Last updated on: October 29, 2019 09:39 IST

In the first visit by a foreign delegation to Kashmir after the abrogation of Article 370, a group of 27 European lawmakers will travel there on Tuesday, a major diplomatic outreach by the government to counter Pakistan's narrative on the situation in the valley and to give them a 'clear view' of India's development and governance priorities.

Ahead of their two-day Kashmir visit, these Members of European Parliamentarians (MEPs) also met Prime Minister Narendra Modi, who categorically told them that an urgent action was needed against those supporting and sponsoring terrorism and asserted that there should be zero tolerance for terrorism.

The visit will provide them with a better understanding of the cultural and religious diversity of the regions of Jammu, Kashmir and Ladakh, Modi said and hoped that it will also give them a 'clear view' of the development and governance priorities in the region, according to an official release.

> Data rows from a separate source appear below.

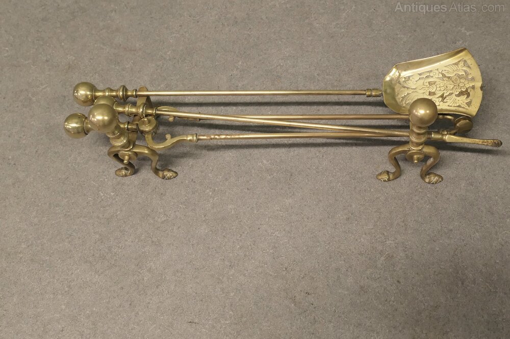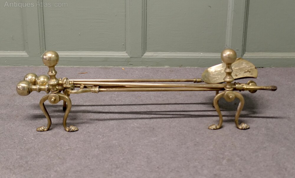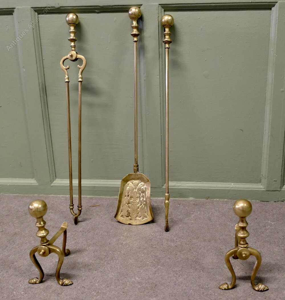 Heavy Gothic Fireside Tools on Andiron RestsThis is a long handled set on its own andirons, shovel, tongs and poker
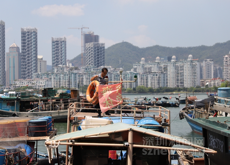 16時(shí),深圳漁民回港口后整理船上的救生圈(楊浩翰 攝)
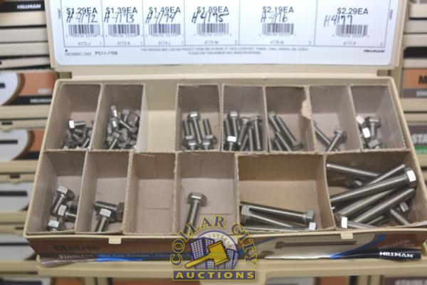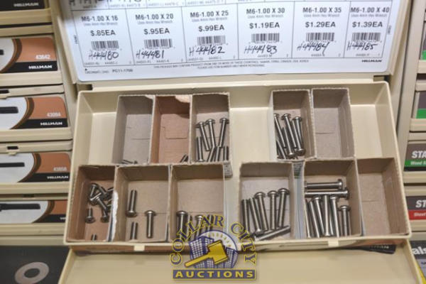 ORGANIZER BIN WITH CONTENTS CONSISTING OF METRIC SOCKET HEAD CAP SCREWS, STAINLESS STEEL SPLIT AND LOCK FLAT WASHERS, METRIC HARDWARE
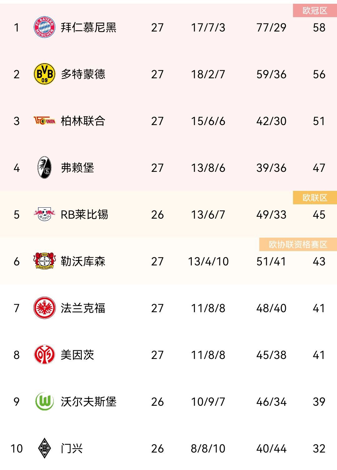 玩球网4月8日讯德甲第27轮先赛多场,其中拜仁1-0战胜弗赖堡,多特2-1战胜柏林联合。积分榜上,拜仁积58分,排名第一继续领先多特2分,多特积56分排第二。柏林联输球后积51分仍居第三,弗赖堡积47
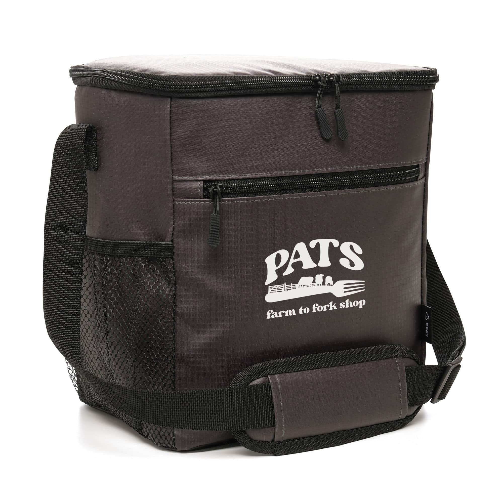 Promote your company with this premium RPET Cooler Bag. Featuring an adjustable padded shoulder strap, a mesh side pocket and a front zip compartment. Ideal for keeping your food and beverages cool, such as sandwiches and drink cans. Crafted with RPET recycled plastic materials, this stylish and sleek bag can be repurposed, making it a perfect choice for giveaways. Take advantage of its large branding area to showcase your company’s logo at trade shows, events and conferences. Show off your ample branding space and order today!
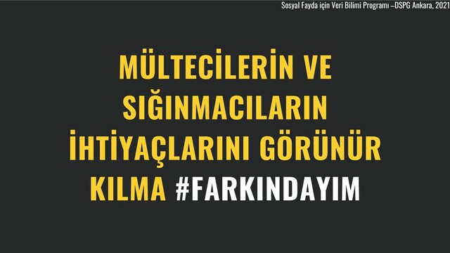 lceğ ortak b r destek mekan zması Sığınmacıların ve mültec ler n ht yaçlarına, sorunlarına ver odaklı b r yaklaşım Ülke genel nde veya bölgesel olarak sığınmacıların ve mültec ler n yaşadığı sıkıntıların herkes tarafından görüleb leceğ b r platform Fayda sağlamak, katkıda bulunmak steyen herkes ç n b r buluşma noktası 1. 2. 3. 4. #Farkındayım Ned r? Sosyal Fayda ç n Ver B l m Programı –DSPG Ankara, 2021 #Farkındayım
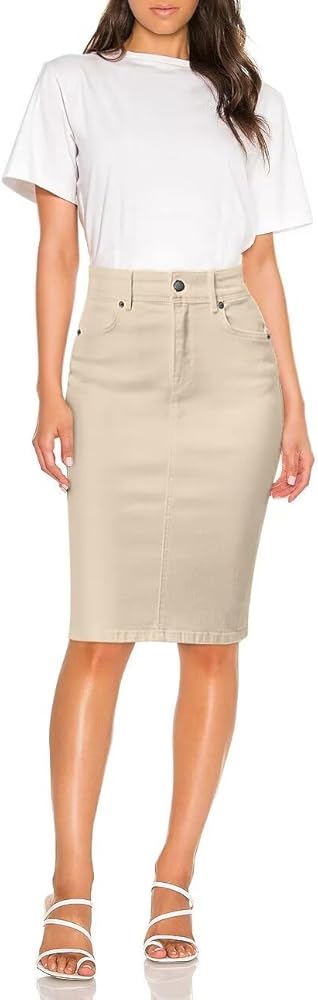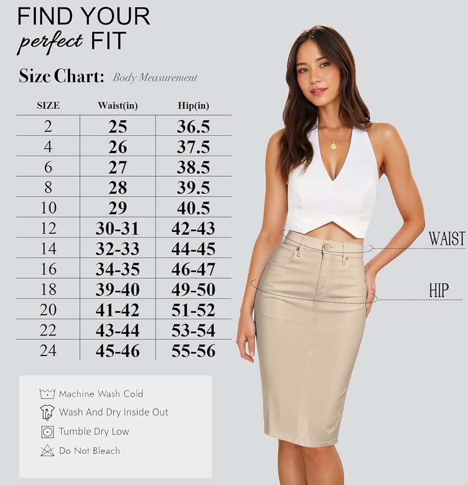 ULTRA-STRETCH FABRIC: Crafted from an ultra-stretch fabric, this women's midi skirt ensures maximum comfort and flexibility, allowing for ease of movement throughout the day.
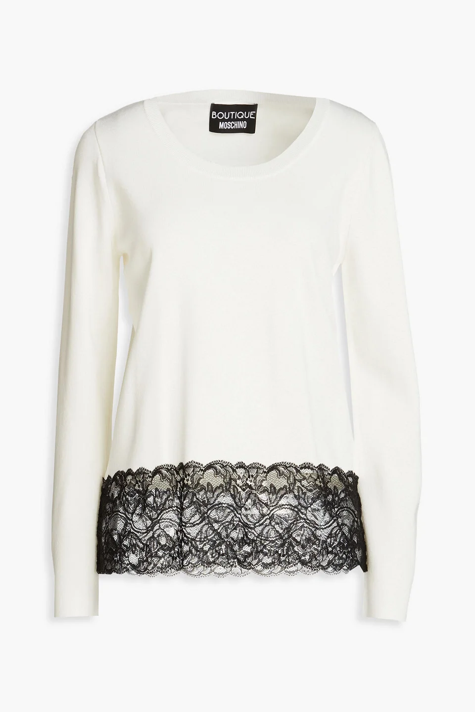 Chantilly lace-paneled stretch-knit sweater
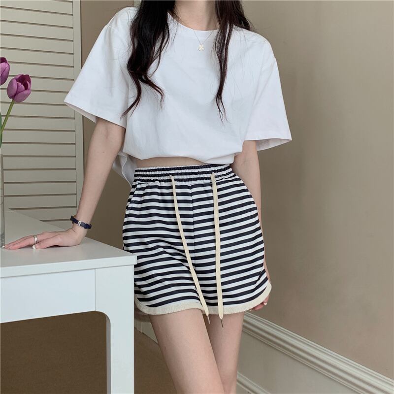 ホームショーツ女性は夏のストライプスポーツハイウエストランニングスモールカジュアルパンツルーズワイドレッグパジャマパンツを着用できます ハイウェスト サマー 夏物 ブルマー ワイドパンツ 7460068678607563 | framboise21
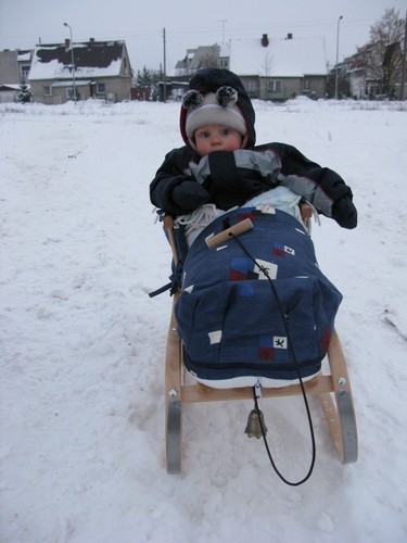Ja zamówiłam sanki na roczek. Staś zwykle na spacerach nie śpi, tylko jest bardzo pobudzony i ciekawy, więc w sankach tym bardziej mu się podoba. On ma stałe pory spania i ja sobie to tak ustawiam, żeby spał w domu, bo wtedy mam trochę czasu, żeby coś zrobić. A wychodzę jak jest aktywny i w dobrym humorze, bo wtedy łatwo daje się ubrać i jest zaintesresowany wszystkim naokoło.
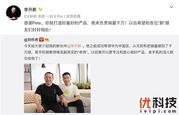 一加手机CEO兼创始人刘作虎发布微博称:“给大家介绍我的新伙伴@李开新 。他之前带领华为中国区,从无到有把销量做到了千万级,是手机销售领域名副其实的“老将”。以后我可以更专注和放心做好产品,卖手机的活儿就交给他了!”随即李开新发布微博回应:“感谢Pete。你就打造好最好的产品,我来负责销量千万!以后希望和各位“新”朋友们好好相处!”凭借其丰富的销售经验,李开新的加入将帮助一加在中国市场获取更大的市场份额,离“销量千万”的目标更近一步。
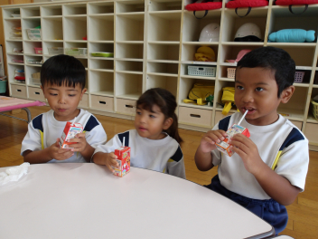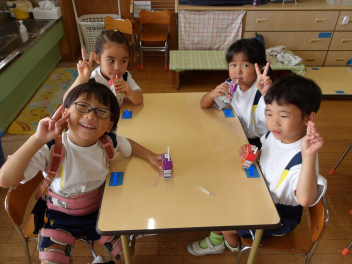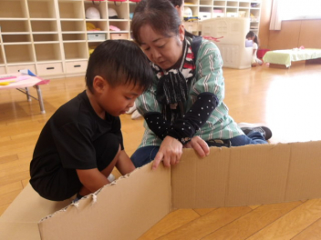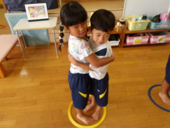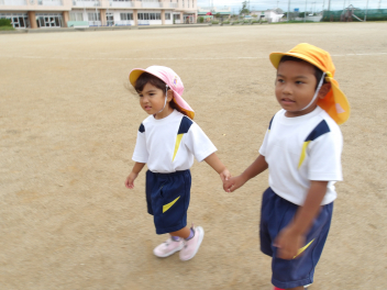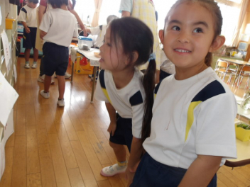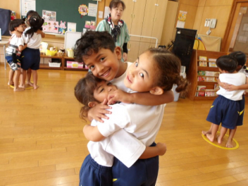 年少と年中は、お休みの子が多かったので、今日はみんな、大きい組に入って過ごしました。最初は緊張していた子も大きい組の優しさに緊張はほぐれ、仲良く手をつないで、遊ぶ姿がいたるところで見られましたcheeky
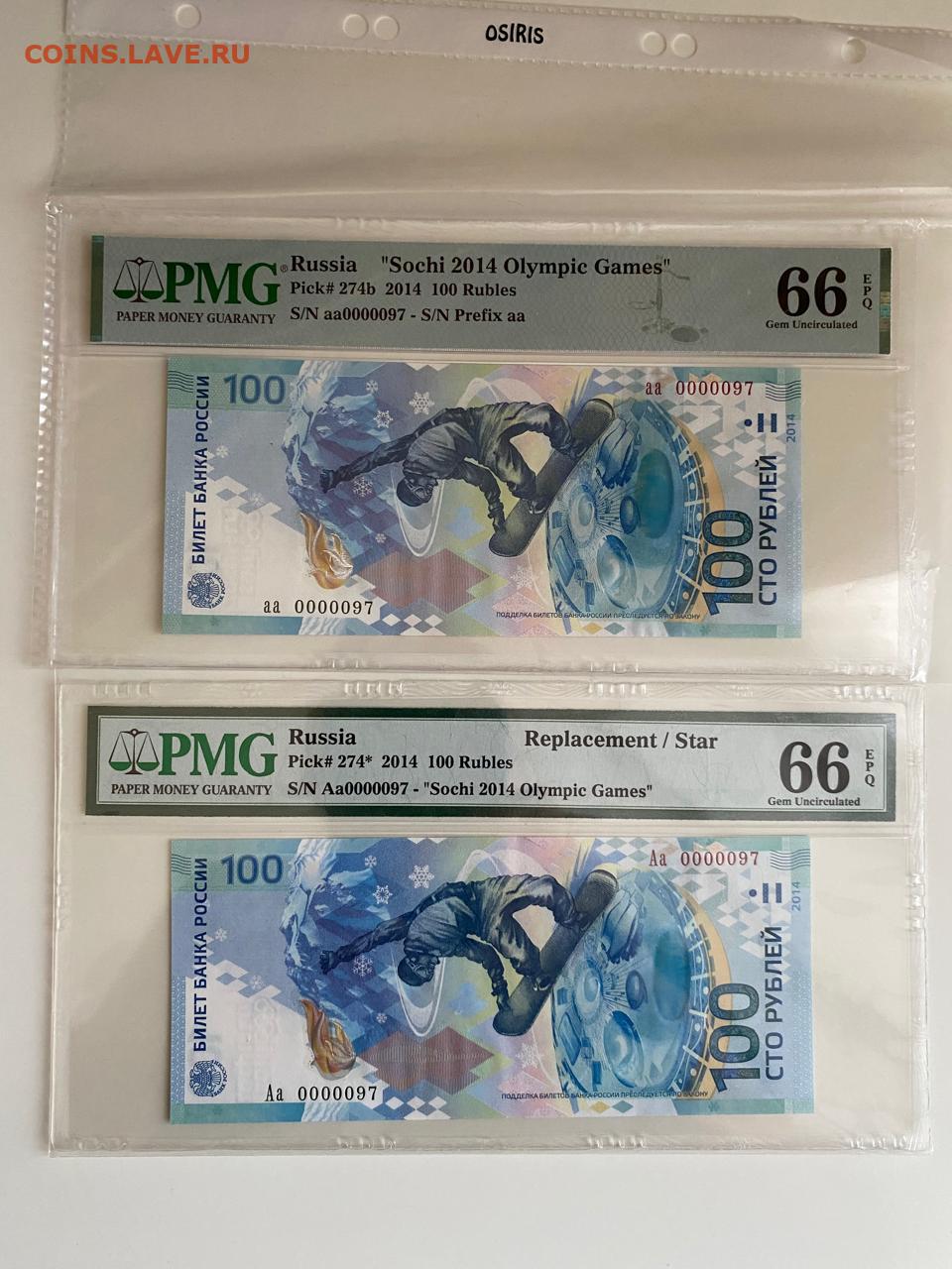 Сочи 100 рублей 2014 RR пара с одинаковыми номерами!0000097
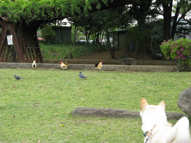 放し飼い(?)にされてるニワトリさんも・・・鳩に混じって・・・野生なのか?^_^;

National Security Advisor Ajit Doval on Monday briefed these MEPs on cross-border terrorism emanating from Pakistan, constitutional changes made in the status of Jammu and Kashmir with the revocation of Article 370 and the situation in the Valley.

 

After the briefing, Doval hosted a lunch for the European lawmakers.

Those present also included some Kashmiri leaders, including former deputy chief minister of J&K Muzaffar Baig, former People's Democratic Party leader Altaf Bukhari, some newly-elected Block Development Council (BDC) members in the state as also Sandeep Chattoo, co-owner of Real Kashmir Football Club.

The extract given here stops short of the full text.